TASK DESCRIPTION -
Leave the pictures out. Retype exactly the lines below from the one containing "À 100m de la" through the one containing "具体的に、花粉皮膚炎の症状が", and no others.

RECORDED INFORMATION -
-- Opening Marker --

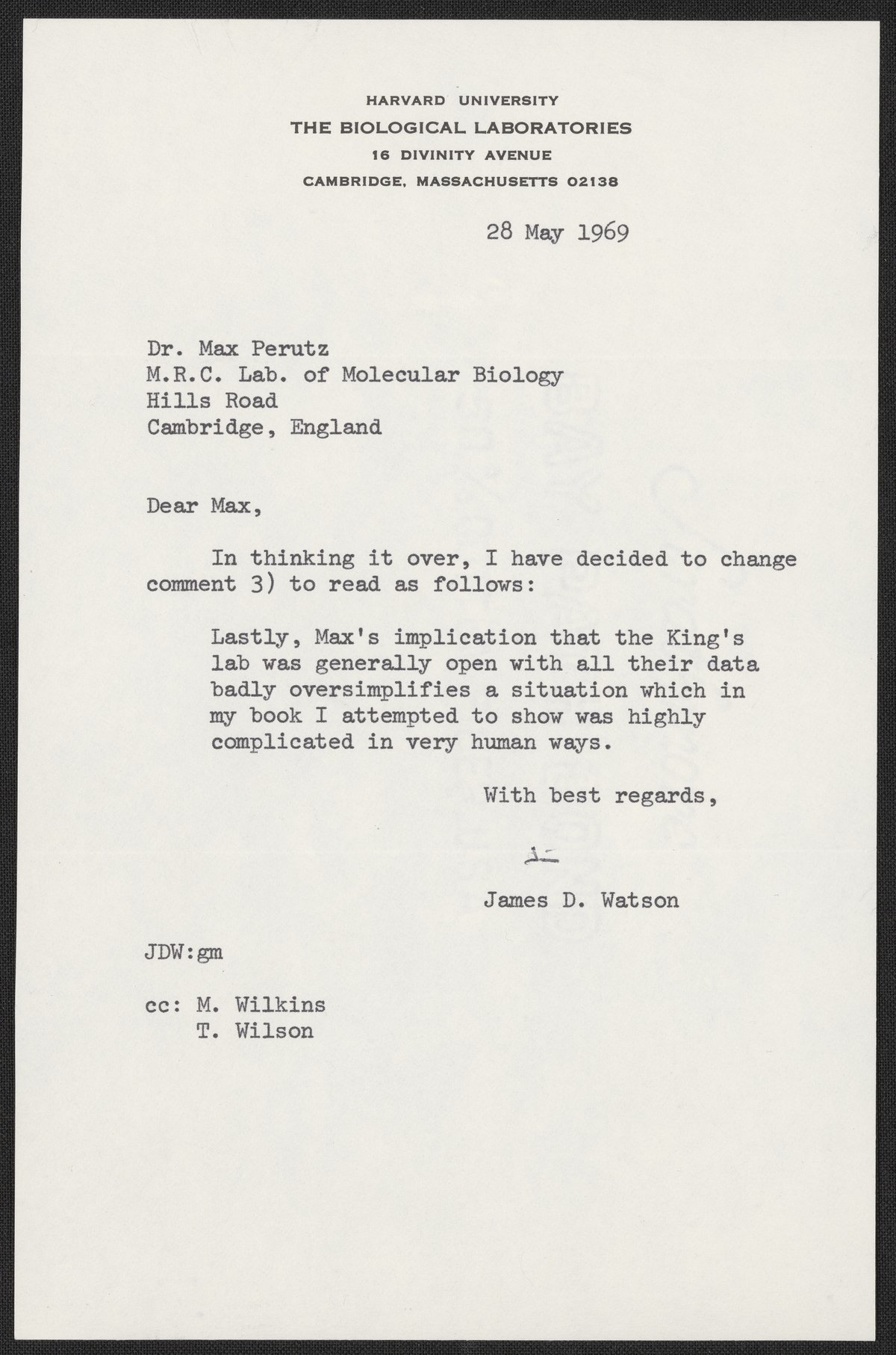 Letter from James D. Watson to Max Perutz, May 28, 1969
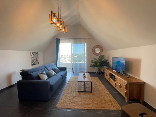 À 100m de la plage, on vous propose ce charmant T3 de 68m² situé en plein cœur de Saint Leu, petite ville balnéaire où il fait bon vivre. L'appartement, entièrement climatisé , se compose d'un séjour spacieux et lumineux avec cuisine ouverte, d'une varangue avec espace détente et coin repas, d'une grande chambre avec un lit de 180cm, d'une chambre avec un lit de 160cm, d'une salle de bain avec table à langer et d'un WC.
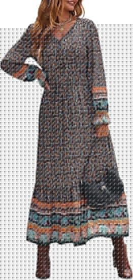 Long Sleeve Maxi Dress for Women V Neck Casual Button Down Boho Long Floral Dresses
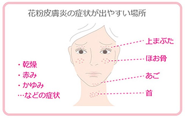 具体的に、花粉皮膚炎の症状が出やすい場所としては、目元や頬の高い部分、あごや首といった刺激を受けやすい部分が多くなっています。
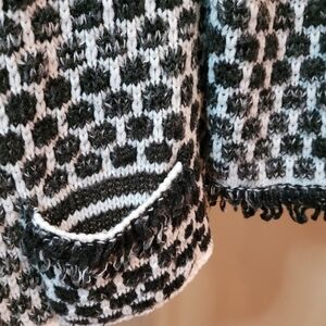 Keren Hart cardigan/open front sweater. Black and white checkered with fringe detail at the neckline, down the front and the cuffs. Two hook and eye clips for front closure near the top. Two pockets.
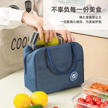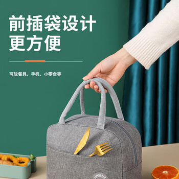 梦庭 收纳袋 便携饭盒袋手提保温袋 学生饭盒便当保温包防水加厚 灰色
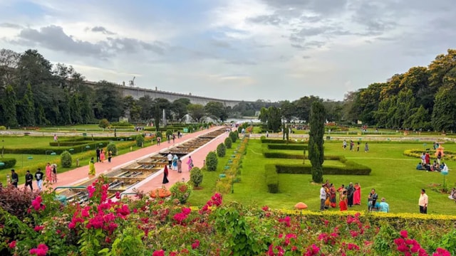 Discover the enchanting Brindavan Gardens on a tour from Mysuru. Stroll through lush lawns, vibrant flowerbeds, and scenic waterways, and enjoy a musical fountain show at sunset.
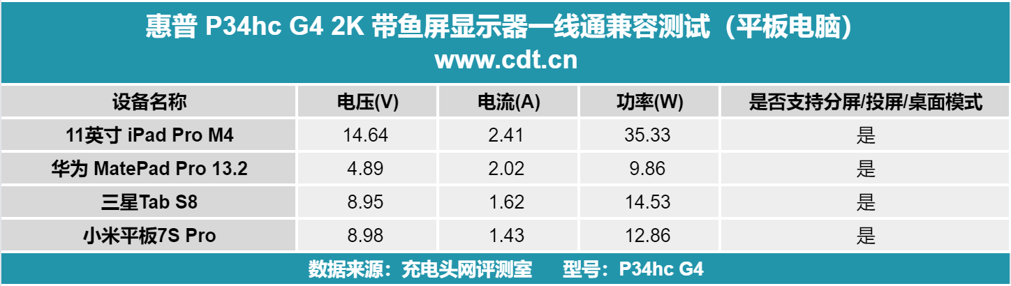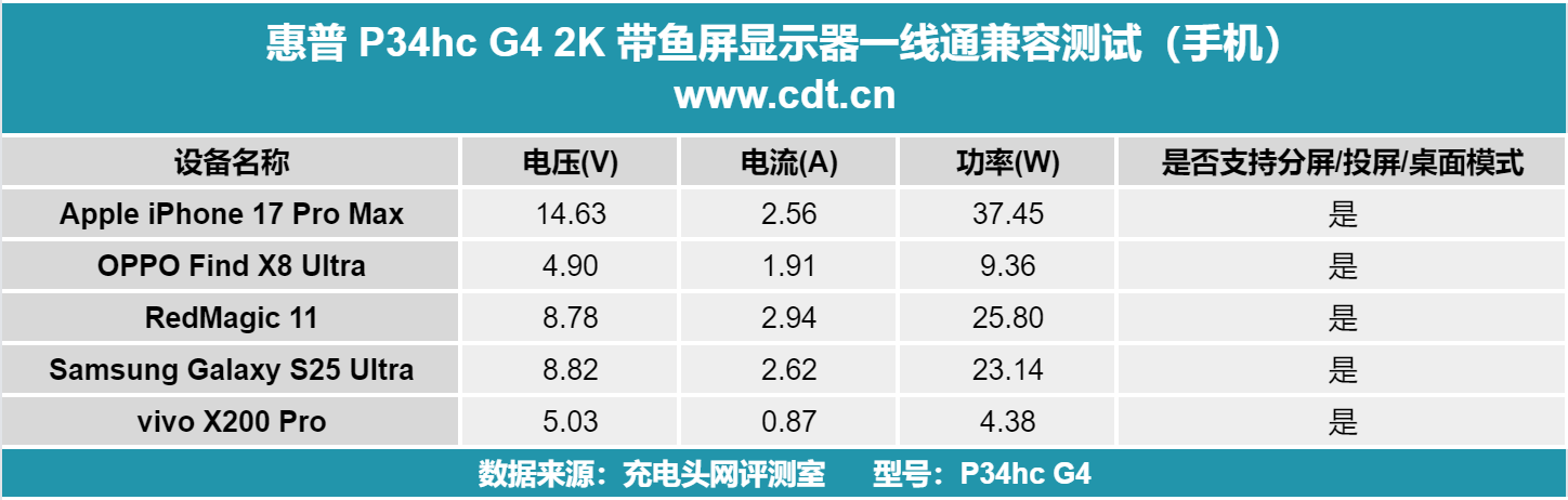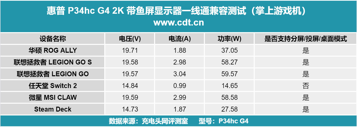 综合来看,惠普 P34hc G4 2K 带鱼屏显示器的全功能 Type-C 接口在 ChargerLAB 充电实验室五项测试中表现亮眼,展现出强劲的实用性与兼容性。满足轻薄本日常供电需求,同时可稳定适配手机、平板、笔记本、掌机等多类设备,均能正常触发镜像或拓展 / 桌面模式,连接流畅无卡顿。

-- Closing Marker --

EXERCISE ANSWER -
 À 100m de la plage, on vous propose ce charmant T3 de 68m² situé en plein cœur de Saint Leu, petite ville balnéaire où il fait bon vivre. L'appartement, entièrement climatisé , se compose d'un séjour spacieux et lumineux avec cuisine ouverte, d'une varangue avec espace détente et coin repas, d'une grande chambre avec un lit de 180cm, d'une chambre avec un lit de 160cm, d'une salle de bain avec table à langer et d'un WC.
 Long Sleeve Maxi Dress for Women V Neck Casual Button Down Boho Long Floral Dresses
 具体的に、花粉皮膚炎の症状が出やすい場所としては、目元や頬の高い部分、あごや首といった刺激を受けやすい部分が多くなっています。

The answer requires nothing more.